Figure 2. Overview of the multimodal dataset. (a) Bar plot of label frequency. (b) Bar plot of sex frequency. (c) Distribution of age in years. (d) Distribution plot of reports’ lengths based on token count using the RadBERT tokenizer.

4 Methods

As illustrated in Figure 1, our feature extraction module consists of three key components. First, low-level feature extraction is performed independently for each modality, producing modality-specific vector representations. These embeddings are then mapped into a shared feature space using lightweight feedforward networks. Finally, the transformed representations are aggregated via summation to obtain a unified vector representation.

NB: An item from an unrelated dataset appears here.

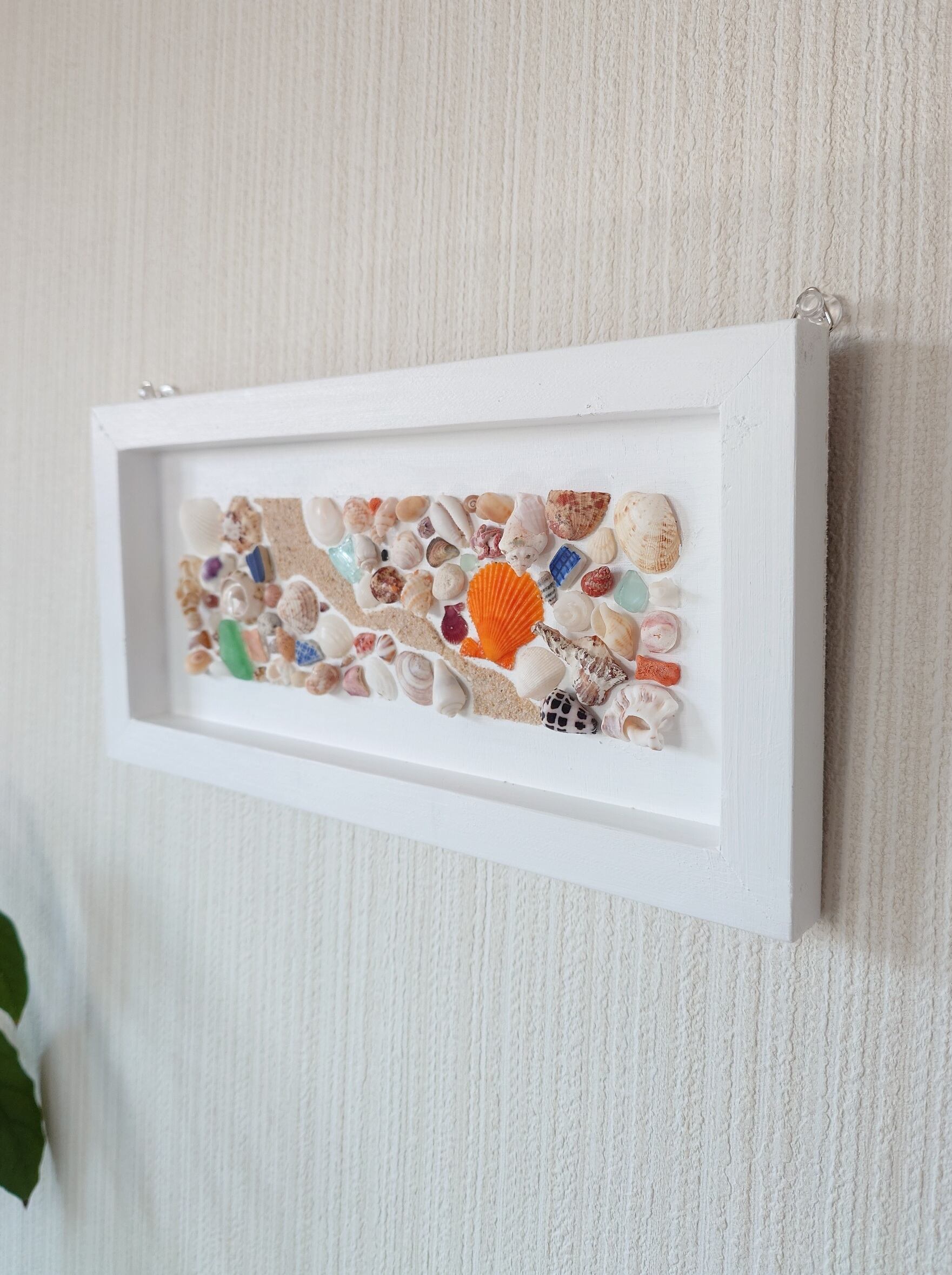 海辺で出会った貝殻やシーグラスを使って、穏やかな時間を感じられるように作品をつくっています。 貝やシーグラスなどは自分で集めており、自然が生み出したそのままの色、かたちを大切にしています。

4.1 Visual feature extraction

The model receives an input volume $x \in R^{240 \times 480 \times 480}$ . This volume is passed to a visual extractor $Φ_{V}$ , which is either CT-Net [9] or ViViT [19]. To demonstrate the flexibility and generality of our framework across different visual encoders, we conducted experiments using both CT-Net and ViViT. CT-Net consists of 2D ResNet [87] modules followed by a lightweight 3D convolutional network that aggregates the features maps into a compact vector representation [88]. ViViT [44] is a Vision Transformer [45] based on the attention mechanism [43] computed from 3D patches extracted from the initial volume. To ensure a fair evaluation across methods, ViViT is initialized via weight inflation [89] from a 2D ViT [45] pretrained on ImageNet [90], while the 2D ResNet module in CT-Net is directly initialized from a 2D ResNet pretrained on ImageNet. While our contribution focuses on integrating modalities such as clinical indications and demographic information into a visual encoder, we leveraged pretrained weights to facilitate network training, ensuring that model parameters are initialized under comparable conditions. Exploring alternative initialization or pretraining strategies is left for future work. From the initial volume $x$ , both CT-Net and CT-ViT yield a vector representation $h \in R^{512}$ . Subsequently, this embedding is passed to a projection head [91] $F_{V}$ to obtain $e_{V} \in R^{512}$ , as defined in Equation 1 such that:

e_{V} = F_{V} (h) = (F_{V} \circ Φ_{V}) (x) . (1)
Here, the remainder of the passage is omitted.